Edmonton startup's drug database used by millions worldwide

Co-founders Craig Knox and Michael Wilson started working on DrugBank when it started as a project in a University of Alberta bioinformatics lab. (Submitted by DrugBank - image credit)
Co-founders Craig Knox and Michael Wilson started working on DrugBank when it started as a project in a University of Alberta bioinformatics lab. (Submitted by DrugBank - image credit)

An Edmonton startup boasting the world's largest online drug information database had its humble beginnings inside a University of Alberta lab.

"It's something that I never expected would be such a large part of my life back when I was working on it as a student," co-founder Craig Knox said in an interview with CBC's Radio Active on Monday.

DrugBank is now a database with information on more than 14,000 drugs with millions of users and customers in more than 20 countries. It's gone from two employees at its founding to a staff of 44 people.

Knox began working on its first iteration in the summer of 2006 during his undergraduate degree. Fellow co-founder Michael Wilson was also part of the project inside Prof. David Wishart's bioinformatics lab.

"We were working feverishly on collecting a bunch of information around the world on drugs and putting them together into one place," Knox said.

The original project was an online academic resource that brought together information about chemical structures, which proteins drugs interact with and other details. That knowledge was previously scattered in textbooks and other resources.

The servers crashed the weekend it launched.

"We realized we had really filled a niche," Knox said.

As the amount of information in drug discovery and development continued to grow in the intervening years, they saw the potential to take the resource further.

"It just becomes a big challenge to make sure that you always have the right information at the right time," Wilson said.
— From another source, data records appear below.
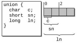 Объединение (union) – это тип данных, позволяющий хранить разнородные данные (поля) в одной и той же области памяти. Синтаксис объединений аналогичен синтаксису структур. Фактически, объединение – это структура, все поля которой имеют нулевое смещение относительно ее базового адреса, а размер выделенной области памяти позволяет разместиться в ней самому большому полю. При выравнивании учитывается требование для максимально длинного машинного типа, используемого для представления полей объединения, т.е. если одно поле можно разместить, начиная с адреса двойного слова, а второе – с адреса байта, то компилятор следует первому требованию.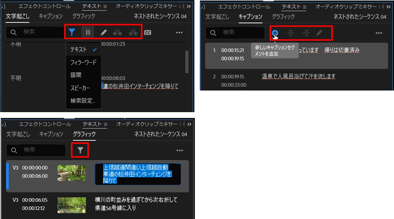 「テキスト」パネルの「文字起こし」、「キャプション」、「グラフィック」の各タブの下図赤枠部のアイコンをクリックするとその場面に応じた編集ができます。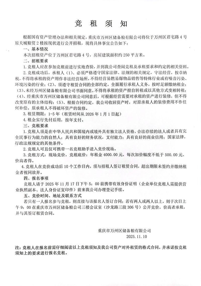 - 万州区储备粮有限公司原天城粮贸仓房招租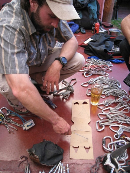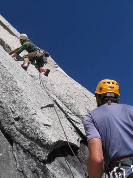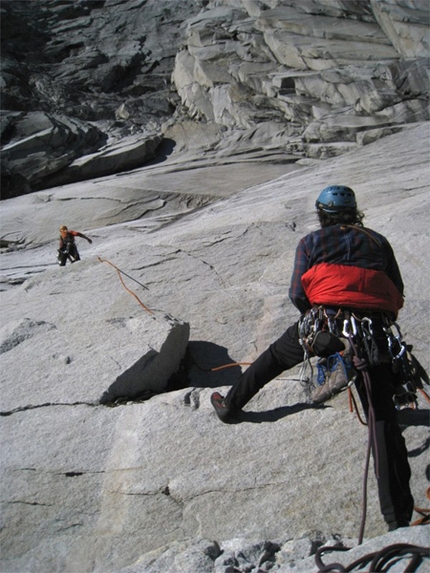 The Canadians however described a striking unclimbed line on the right tower and Beckner, Spaulding and Anderson therefore spent a week hauling gear to the base of this mountain. Their route initially followed a sweeping dihedral that turned out to be the crux of the climb (5.11). From there the team followed a series of cracks on the left side of the tower. When the crack system ended a short pendulum, the only section of aid, provided access to a splitter hand crack and another corner system. Due to the lengthy and complex approach, the trio was caught by darkness four pitches from the top and bivvied on a tiny ledge for the night. Fortunately the weather held and Beckner, Spaulding and Anderson topped out the next morning.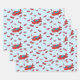 Red & Blue Aeroplane Pattern Wrapping Paper Sheet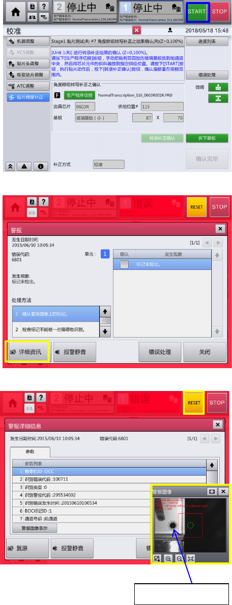 第 4 章 操作篇 4- 16. 校准 427 4 5- 5. 执行贴片精度测 量 所有元件贴片完 成,选择『转录补正确 认』后,即会使 用装置内的摄像机,自动 测量贴片后的元 件位置。 5- 6. 贴片 精度测定结果的显示 自动测量完成后 ,即显示结果。 测量结果良好的 情况,选择『关闭』请关 闭画面。 测量结果没成为 必要精度的情况,选择 『重新执行补正 』,从现状的测量结果用 自动算出补正价 值,请进行重新补正。 ※重新 执行 补…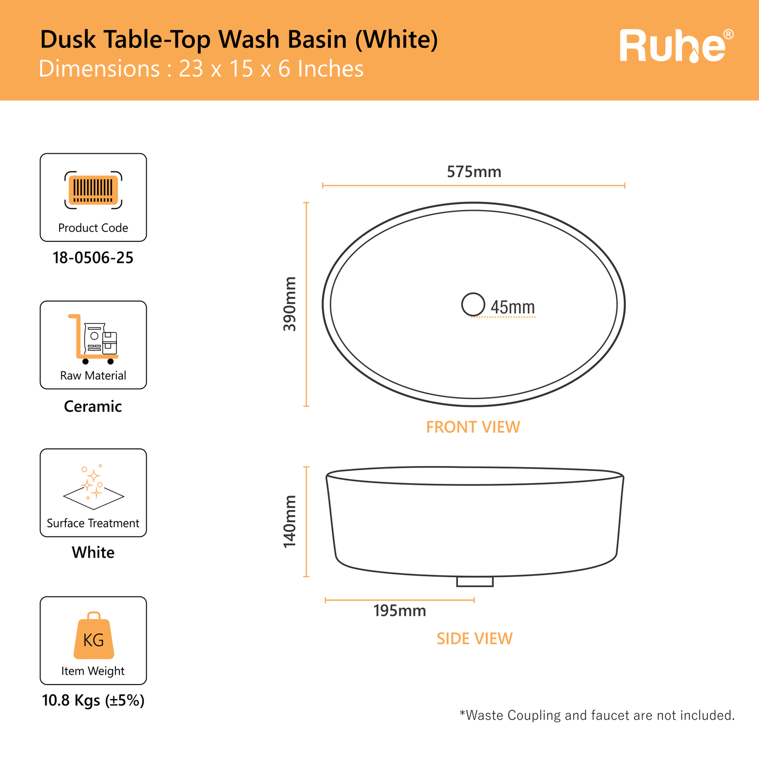 PACKAGE CONTENTS: The package includes 1 wash basin. [Please note that the faucet and waste coupling are not included.]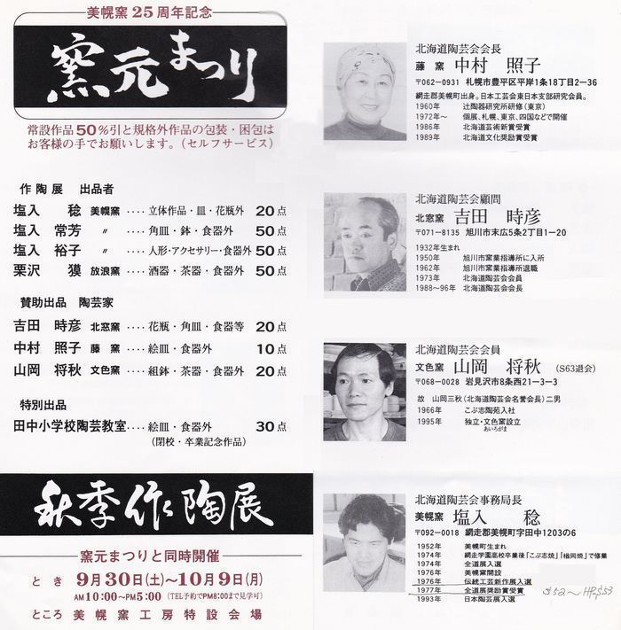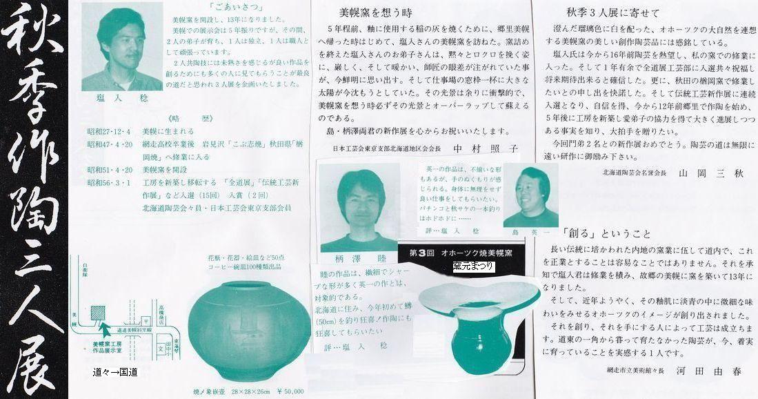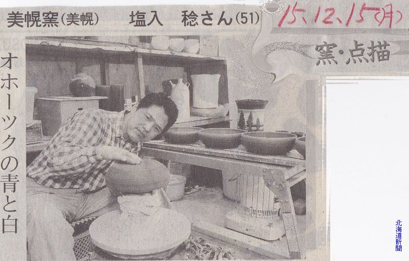 オホーツク焼の食器や花器は青色が基調。 火山灰が原料のるり釉(ゆう)と稲の灰釉を使う「るり釉白流し」の技法である。 藍(あい)や青はオホーツク海、白が雪と流氷というイメージは初めは意識してなかった。 でも お客様がそう見てくれて、オホーツク焼の名も広まった。 網走の高校時代に陶芸に手をそめ、卒業後は岩見沢・こぶ志窯と秋田県の窯元で修業。 1976年、郷里の網走管内美幌町に戻り独立した。 |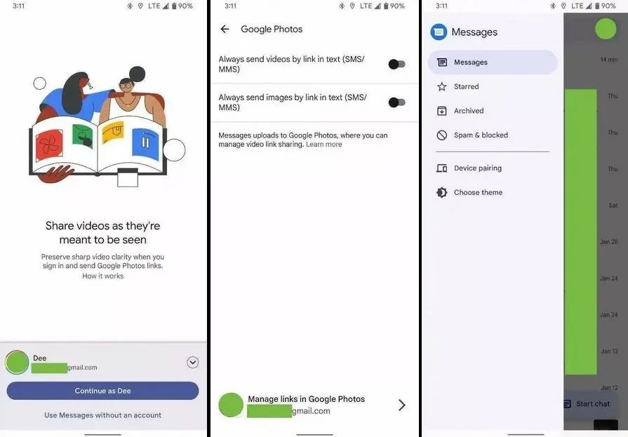 کاربران برای ارسال ویدئو و تصاویر موردنظر چند انتخاب در دسترس خواهد داشت که از جمله میتوان به گزینهای اشاره کرد که هنگام اشتراکگذاری ویدئو در گوگل مسیجز، همیشه پیوندی را به Photos ارسال میکند. با فعال کردن این گزینه و ارسال پیوند ویدئو یا تصاویر موردنظر، دریافتکنندهی پیام قادر خواهد بود محتوای موردنظر را با کیفیت بالا دریافت کند.

He and Knox founded the company alongside Wishart in 2016.

A free online version is available to researchers around the world while customers can also pay for commercial licenses to access additional data.

The startup also successfully completed a round of investments in the fall. Knox said going forward there is also a lot of opportunities with artificial intelligence and algorithms.

"Edmonton is a home for a lot of advanced artificial intelligence," he said. "And so continuing to build those strengths within our company."

Growth during pandemic

While Wilson says business has grown during the pandemic, the last year has also see staff have to move to working from home.

"We didn't have the pandemic in our business plan, of course, as no one really did," Wilson said. "An exciting thing is that, just due to the nature of what we do, we've actually been able to impact research on COVID-19 substantially."

Wilson said more than 1,200 research publications have been published in the last year that leverages information from DrugBank in studying COVID-19.

"I'm very proud of what our team does every day and the impact we're able to make on drug development, on medical research and now on research for COVID-19."